Virtual Key Management
Instead of distributing raw provider API keys, we can now introduce virtual keys.
A virtual key is mapped to one or more provider-specific API keys. External clients receive only the virtual key, never the actual provider credentials.
At the middleware layer, incoming requests are inspected for a virtual key. The system then looks up the corresponding provider key in the database and transparently replaces it before forwarding the request upstream.
This adds an abstraction layer for security, access control, and key rotation – without exposing real provider credentials to end users.
Note: To avoid the latency of querying the database on every request, provider key mappings are cached in memory. These in-memory entries are kept in sync using Postgres Pub/Sub, ensuring updates propagate across gateway instances without adding request-time overhead.
Rate Limiting
Once virtual keys are in place, rate limiting naturally follows.
Rate limits are defined at the virtual key level, allowing you to control usage per client without worrying about the underlying provider keys. This keeps enforcement consistent, regardless of which provider ultimately handles the request.
The rate limiting middleware uses a token bucket algorithm to regulate traffic. To support horizontal scaling, the bucket state is stored in Redis, ensuring limits are enforced correctly even when multiple instances of the gateway are running. This makes throttling distributed, predictable, and provider-agnostic.
Logging & Tracing
With throttling handled, the next cross-cutting concern is visibility.
Logging is kept simple: structured logs go straight to stdout/stderr, so you can rely on whatever log collector you already use (Docker, Kubernetes, Loki, etc.).

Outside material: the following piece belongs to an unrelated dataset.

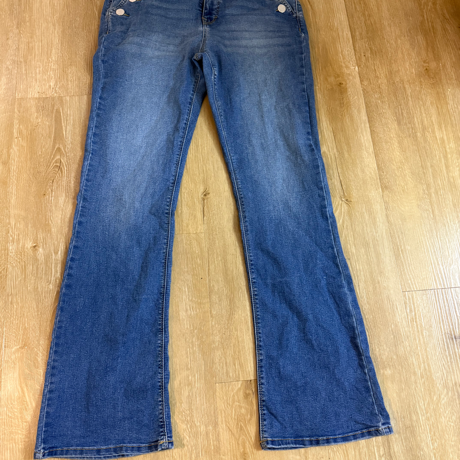 Curvy Women’s High-Waist Bootcut Jeans – Size 8/29, Button Accent Pockets
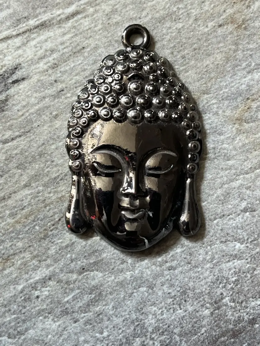 A Kwan Yin pendant. She is approximately 1 7/8 inches tall and 1 inch wide. I have had a time trying to get a good picture of her. The metalic surface is either too dark or light. She is pretty!

For tracing, HasteKit emits OpenTelemetry traces and exports them to ClickHouse using an OTel ClickHouse exporter. This makes it easy to track request latency, provider behavior, and failures end-to-end – especially when you’re running multiple gateway instances.
Extensibility
This middleware layer can be extended to support additional cross-cutting concerns such as – Guardrails, Validation & Policy enforcement.
While these are not currently implemented, the architecture makes it straightforward to introduce them without modifying core provider or translation logic.
With this, we complete the implementation of the core LLM SDK and Gateway server. At this point, HasteKit can:
- Abstract multiple providers behind a common interface
- Run as a drop-in OpenAI-compatible gateway
- Handle virtual keys, rate limiting, and observability
- Scale horizontally with distributed state
And that brings us to the end of this post.
HasteKit started as a learning experiment – an attempt to understand LLMs and agents from first principles. Along the way, it evolved into concrete pieces of infrastructure: LLM & Agent SDK for Golang, LLM Gateway and No-code agent builder, all built from scratch.
If this interests you, I’d encourage you to explore the documentation and browse the source code.